# classical music that are creepoid specie, they want to scare you to death?



## deprofundis (Apr 25, 2014)

Hmm jeez that a funny one anay modern or neo-modern work, classical composer that sounds like Nurse Whit Wounds industrial one man band from england , this is all i know.I hardly know Nurse whit wounds and it give me the creeps, im traumatized but it's kinda cool... lol

:lol:


----------



## Samael420 (Nov 8, 2017)

It is hard to beat the sheer weirdness of Nurse With Wound, but the closest thing to NWW from the point of view of classical music that I can think of is Schoenberg

- 



- 




I think some Stockhausen are more similar in sound to NWW, but for some reason Schoenberg gives me more of an eerie feeling.

-


----------



## Sloe (May 9, 2014)

I think the string quartets by Brian Ferneyhough sounds really scary:

Here is number six as an example.

I can´t decide if I like them or not.
They are not beautiful but at the same time it feels fascinating to listen to them.


----------



## JLi (Jan 31, 2018)

Gyorgy Ligeti's Volumina is an organ work that consists entirely of subbass and tone clusters.
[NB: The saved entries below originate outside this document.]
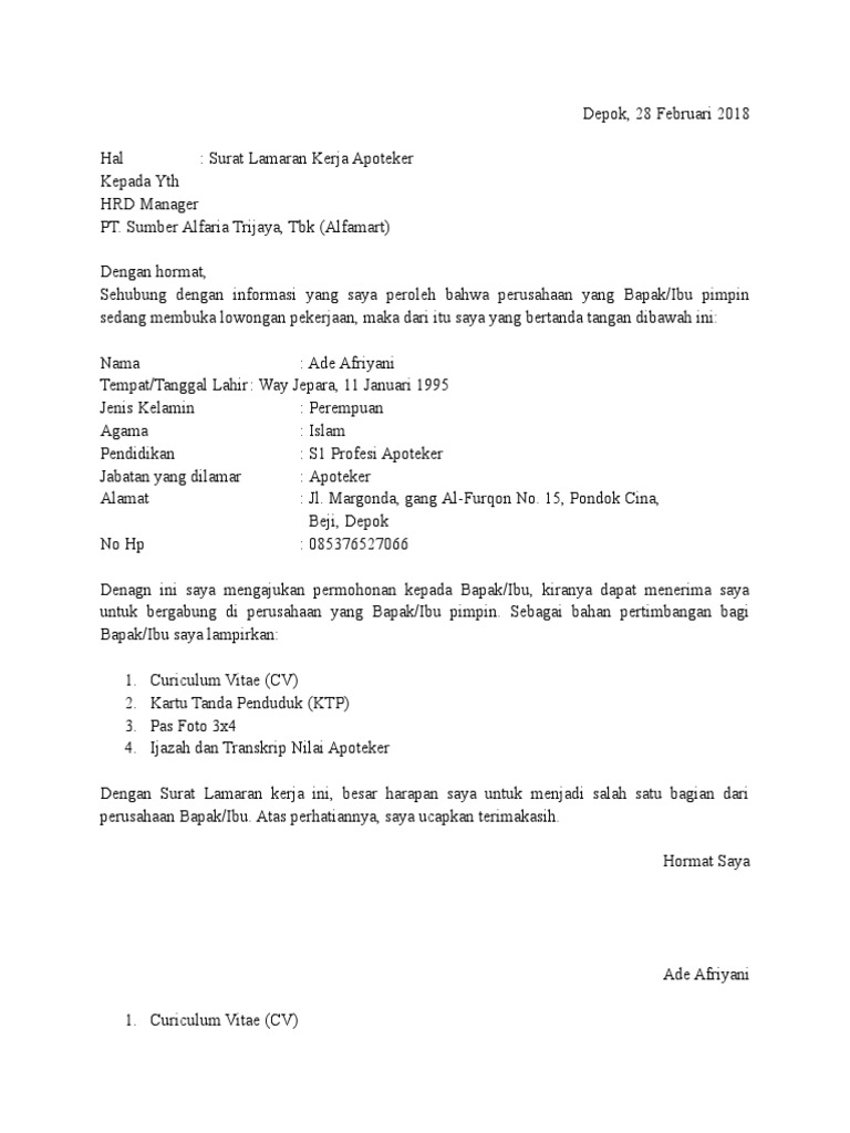 Surat lamaran kerja yaitu surat yang dipakai untuk permohonan mendapat pekerjaan sesuai pengalaman pada perusahaan tertentu. Selain itu, lamaran yang ditulis dapat menarik perhatian perusahaan untuk membacanya. Contoh surat lamaran kerja indomaret dan alfamart merupakan contoh lamaran pekerjaan selanjutnya yang akan saya bagikan untuk anda. Berikut ini contoh surat lamaran kerja secara umum yang bisa kamu buat sebahagai referensi sehingga surat keterangan sehat dari dokter. Contoh surat lamaran kerja di alfamart sebagai crew store. Itulah tadi satu contoh surat lamaran kerja ke alfamart yang baik dan benar. Seperti keterangan yang saya tulis diatas, saya memiliki harapan besar untuk menjadi seorang guru di sma negeri 1 surabaya yang bapak/ibu pimpin. Contoh surat lamaran kerja merupakan surat yang ditulis baik menggunakan tangan maupun. Contoh surat lamaran kerja umum, bank, karyawan, alfamart, pt, sekolahan, formal, fresh graduate, bahasa inggris, via email, tulis tangan secara umum dibikin dengan dokumen ketik yang di print, tapi kadang ada permintaan khusus misal harus tulis tangan atau gunakan bahasa. Contoh surat lamaran kerja tulis tangan. Contoh surat lamaran kerja di alfamart yang baik dan benar. Surat lamaran kerja doc merupakan surat lamaran kerja dengan format.doc yang anda tulis/ketik di contoh surat lamaran kerja alfamart. Daftar riwayat hidup fotocopy ijazah & transkrip nilai sertifikat pelatihan yang pernah diikuti fotocopy kartu tanda penduduk surat keterangan catatan kepolisian (skck) foto ukuran 3×4 2 lembar.
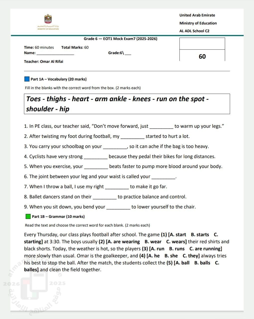| نموذج تدريبي Mock axam 7 للاختبار النهائي - إعداد: Omar Al Rifai | ||
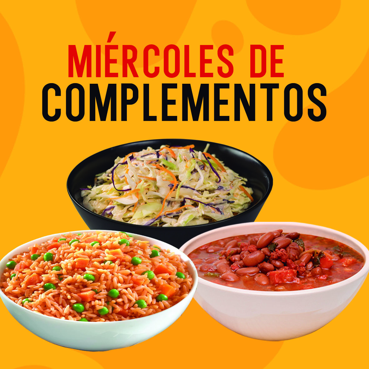 1 pollo (8 piezas) . Incluye 8 tortillas, salsa, chiles y cebollas. 1 complemento a elegir.
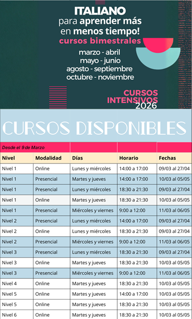 Con una carga horaria de seis horas semanales, los cursos finalizarán a principios de mayo. Pensados para aprender italiano rápidamente, concentran el estudio en un período más corto.
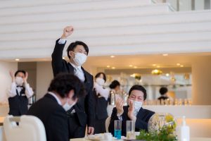 サーモグラフィー&アルコールの完備、ソーシャルディスタンスを考えた席次配置
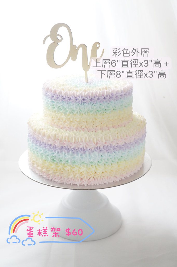 | 蛋糕外層顏色/款式選項 Colour/Style | 彩色 Rainbow, 漸變啡色 Gradient Brown, 漸變粉橙色 Gradient Orange, 漸變粉紅色 Gradient Pink, 漸變粉紫色 Gradient Purple, 漸變粉綠色 Gradient Green, 漸變粉藍色 Gradient Blue, 漸變粉黃色 Gradient Yellow, 白色 White, 粉橙色 Orange, 粉紅色 Pink, 粉紫色 Purple, 粉綠色 Green, 粉藍色 Blue, 粉黃色 Yellow |
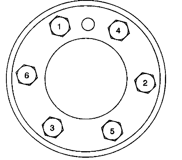Tighten the engine flywheel bolts in sequence to 100 Nm (74 ft. lbs.).
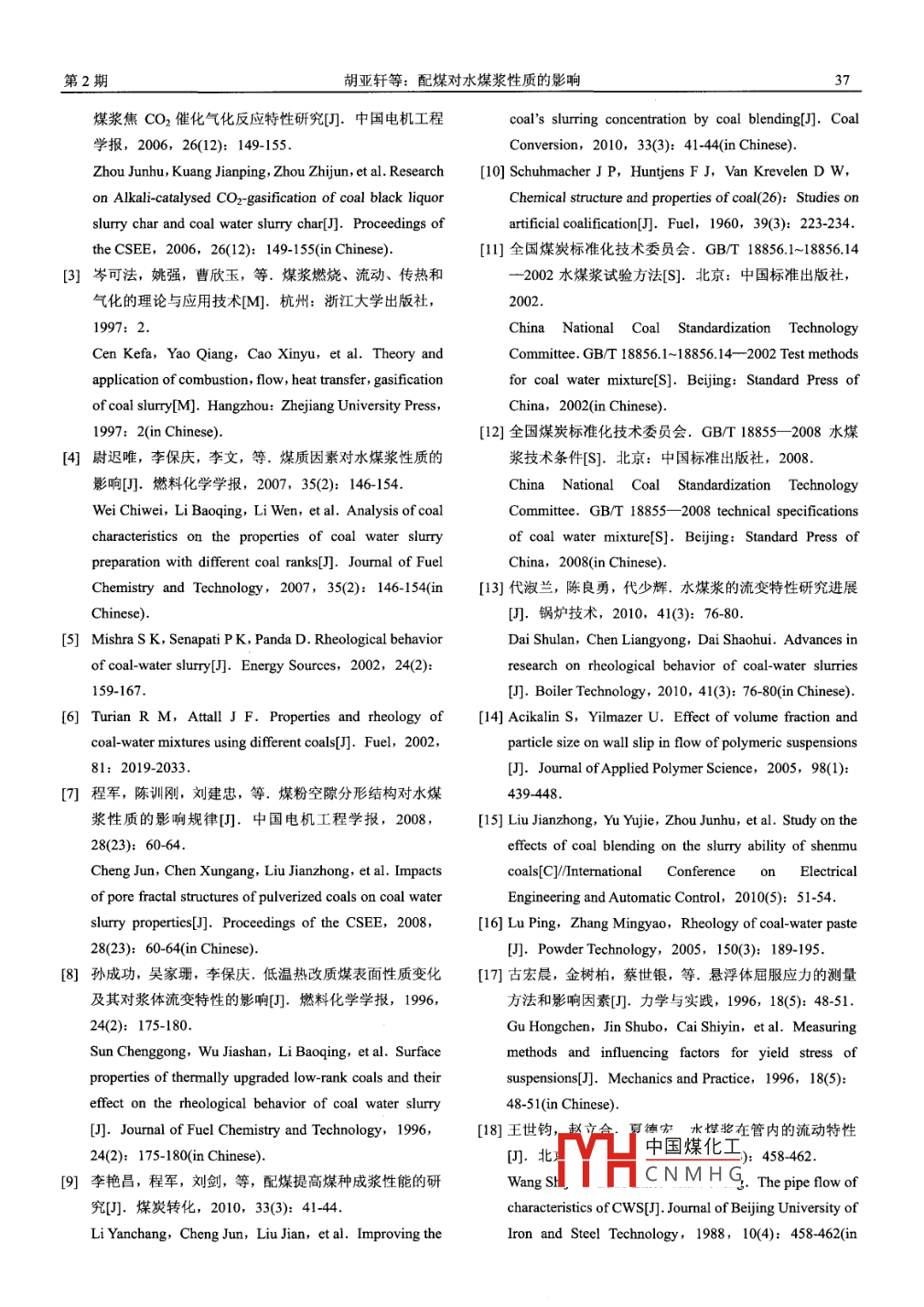 第32卷第2期中國(guó)電機(jī)工程學(xué)報(bào)Vol.32No.2Jan.15,20122012年1月15日Proceedings of the CSEEC2012 Chin. Soc. for Elec Eng. 31文章編號(hào):0258-8013(20102003108中圖分類號(hào):TQ530文獻(xiàn)標(biāo)志碼:A學(xué)科分類號(hào):47020配煤對(duì)水煤漿性質(zhì)的影響胡亞軒,劉建忠,王睿坤,虞育杰,周俊虎,岑可法能源清潔利用國(guó)家重點(diǎn)實(shí)驗(yàn)室(浙江大學(xué)),浙江省杭州市310027)Effects of Blending Coals on the Behavior of Coal Water SlurryHU Yaxuan, LIU Jianzhong, WANG Ruikun, Yu Yujie, ZHOU Junhu, CEN KefaState Key Laboratory of Clean Energy Utilization(Zhejiang University), Hangzhou 310027, Zhejiang Province, ChinaABSTRACT: Four different coals, Shigang, Xiaotun, Yanzhou,煤分別相配,以及配比的不同,對(duì)水煤漿的流變性及穩(wěn)定性and Huangling coals, were blended with each other in different影響不同;配煤制漿對(duì)漿體的成漿性影響具有明顯的非線性proportions, and the effect of blending coals on the slurry特點(diǎn),實(shí)驗(yàn)中配煤制漿的實(shí)際成漿濃度和線性加權(quán)平均得到ability, rheology and stability of coal water slurry(cWS)的最大成漿濃度間最大相差1.82個(gè)百分點(diǎn)。穩(wěn)定性試驗(yàn)表were studied. The slurry ability, rheology and stability of明,在正常的水煤漿濃度下,無(wú)論是單煤還是配煤制取的水Cws prepared by the single coal were also researche煤漿,20天后析水率都比較合理,在15%以下。不同的煤Results show that coals with lower o/c ratio have better種配煤制漿后對(duì)穩(wěn)定性有不同的影響slurry ability. The coal water slurries behave as the properties關(guān)鍵詞:水煤漿;最大成漿濃度:流變性:穩(wěn)定性;非線性of non-Newtonian fluids over certain range of concentrationand the shear thinning behavior is stronger with increasing 0 IEsolid concentration. Blending coals can influent the rheology水煤漿是一種新型的煤基代油清潔燃料,在and stability of CwS. However, blended with the same coaldifferent coal type and blending ratio have different effects or煤的氣化等潔凈煤技術(shù)上具有重要應(yīng)用2。它是約the rheology and stability. In addition, the effects of coal60%70%的煤粉和30%40%的水及少量添加劑組成的懸浮分散體系,具有低污染、易泵送、燃燒效concentration of blending coal water slurry is not equal to率高等優(yōu)點(diǎn)。研究表明煤質(zhì)因素對(duì)水煤漿的性質(zhì)weighted average value of indiⅳ vidual coal, with the maximum有很大影響,主要包括煤的碳質(zhì)量分?jǐn)?shù)、空氣平衡deviation reaching1.82 percentage points. Stability水分、可磨性指數(shù)、灰分質(zhì)量分?jǐn)?shù)、可溶礦物離子experiment shows that, water separation ratio after 20 days煤的比表面積、空隙結(jié)構(gòu)、煤表面的電位性質(zhì)、絲below 15% for either the single coal or the blending coal質(zhì)組分的質(zhì)量分?jǐn)?shù)及煤灰成分分析中SiO2的質(zhì)量water slurry. and blending different coals has different effectson the stability.分?jǐn)?shù)等47。因此水煤漿的制備對(duì)煤種的選擇有一定的要求,這也成為水煤漿技術(shù)應(yīng)用與推廣過程中的KEY WORDS: coal water slurry (CWS); maximum solid瓶頸,如何擴(kuò)大制漿用的煤種范圍,特別是采用難concentration; rheological characteristics; stability; non-linear制漿的煤種制得高濃度、低黏度、流動(dòng)性好的水煤摘要:通過對(duì)石港、小屯、兗州、黃陵4種煤進(jìn)行單煤制漿漿一直是人們關(guān)注的問題。配煤則是一種能改善及不同比例2種煤的配煤制漿實(shí)驗(yàn),研究配煤制漿對(duì)水煤漿難成漿煤的成漿性能、擴(kuò)大制漿煤種的簡(jiǎn)易而又經(jīng)的成漿性、流變性及穩(wěn)定性的影響。單煤的成漿性研究表明不同煤種成漿濃度有差異,氧碳比低的煤種成漿性較好,最濟(jì)的方法門。本文選取變質(zhì)程度不同的4種煤,按大成漿濃度較高:水煤漿在一定濃度范圍內(nèi)具有剪切變稀的照不同比例配比制漿,研究2種煤相配制得的水煤非牛頓流體特性,且濃度越高剪切變稀特性越明顯。配煤制漿的成漿性、流變性和穩(wěn)定性,從中獲得配煤制漿漿中,由于煤種間的相互作用效果不同,同一種煤與不同的對(duì)水煤漿性中國(guó)煤化工落金項(xiàng)日國(guó)家重點(diǎn)基礎(chǔ)研究發(fā)展計(jì)劃項(xiàng)日2項(xiàng)目X1實(shí)驗(yàn)CNMHG227001)。The National Basic Research Program of China (973 Program)1.1試驗(yàn)樣品及制備(2010CB227001)從表1中看到,各種煤的揮發(fā)分含量及氧碳比中國(guó)電機(jī)工程學(xué)報(bào)第32卷表14種試驗(yàn)用煤的煤質(zhì)分析2結(jié)果與討論Tab 1 Ultimate and proximate analysis offour coals for experiment2.1單煤成漿特性圖1為4種不同變質(zhì)程度的煤制取水煤漿的黏工業(yè)分析%發(fā)熱量元素分析%煤種度一濃度關(guān)系曲線。由圖1可見,4種煤的成漿規(guī)律一致,制取的水煤漿隨著濃度的增加,黏度增大。石港1.2731.4290358292250757612921.002.263.53其中,在相同的濃度下,變質(zhì)程度相對(duì)較低的兩種小屯1.4428.3911.1459032390661433021.260.344.11煤,黃陵煤和兗州煤的水煤漿黏度較髙。一般要求究州1.661423312852832827169584461.000.758.32黃陵34829.5723.0243.932247154883.530.850.47722水煤漿的黏度小于1200mPa:s2,而工業(yè)應(yīng)用的水不同。石港煤和小屯煤屬于煤階較高的無(wú)煙煤和貧煤漿黏度通常為1000mPas。將表觀黏度為煤,兗州和黃陵煤則是煤階較低的煙
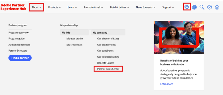 From the top navigation bar, click About → My partnership → My company → Partner Sales Center
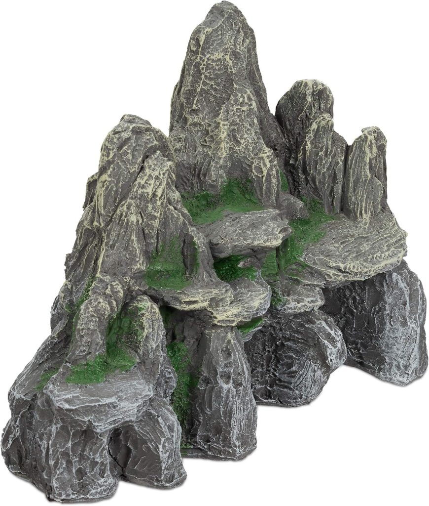 Esta roca decorativa para acuarios está diseñada para imitar formaciones naturales, ofreciendo un refugio seguro y un entorno visualmente atractivo para peces de agua dulce y salada. Fabricada en poliresina atóxica y duradera, incorpora detalles de musgo y texturas realistas que aportan profundidad al paisaje acuático. Sus cuevas y salientes cuentan con dos pasajes ideales para peces pequeños, proporcionando escondites que reducen el estrés y fomentan el comportamiento exploratorio. Con unas dimensiones aproximadas de 21 × 24 × 14 cm, es un adorno llamativo que encaja en acuarios medianos y grandes. También es apta para terrarios, añadiendo un toque natural y decorativo. Fácil de colocar y mantener, transforma cualquier tanque en un entorno más dinámico y enriquecido.
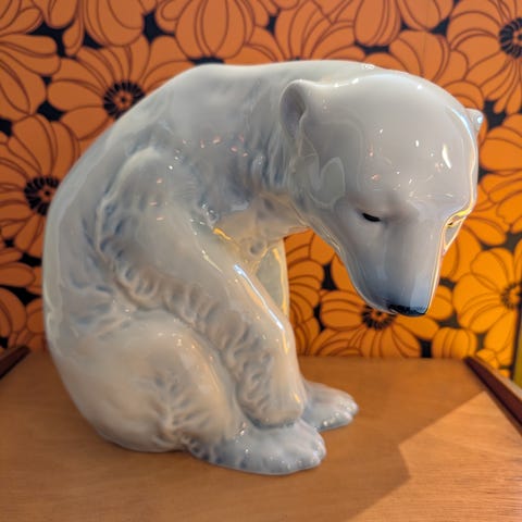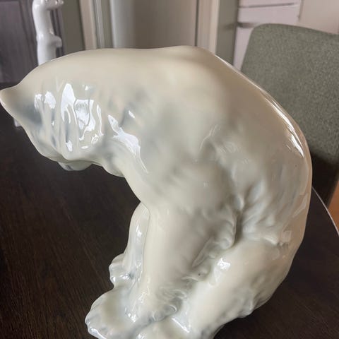 Porsgrund Isbjørn i porselen. Figurfremstilling av en isbjørn i sittende posisjon, laget i hvitt porselen. Passer som dekorativ gjenstand.

Krysztof Penderecki composed lots of orchestral works that sound creepy. He is actually the soundtrack composer for The Shining.

Also by Ligeti, Harmonies (Study for Organ No. 1) is exactly what it sounds like: creepy chords. Ligeti even tells the performer to increase air pressure to give off a creepy timbre.

All of those will haunt you in your dreams and make Schoenberg sound like Mozart.


----------



## mbhaub (Dec 2, 2016)

Try the symphonies by Humphrey Searle. He wrote the eerie soundtrack to The Haunting (the original B/W version). His symphonies are cut from the same cloth.


----------



## brianvds (May 1, 2013)

JLi said:


> Krysztof Penderecki composed lots of orchestral works that sound creepy. He is actually the soundtrack composer for The Shining.


There are two versions of the film. Which one was Penderecki involved in? In the first, they used bit and pieces of Bartok's Music for Strings, Percussion and Celesta to absolutely blood curdling effect.


----------



## techniquest (Aug 3, 2012)

One name should sort this question out: Giacinto Scelsi.


----------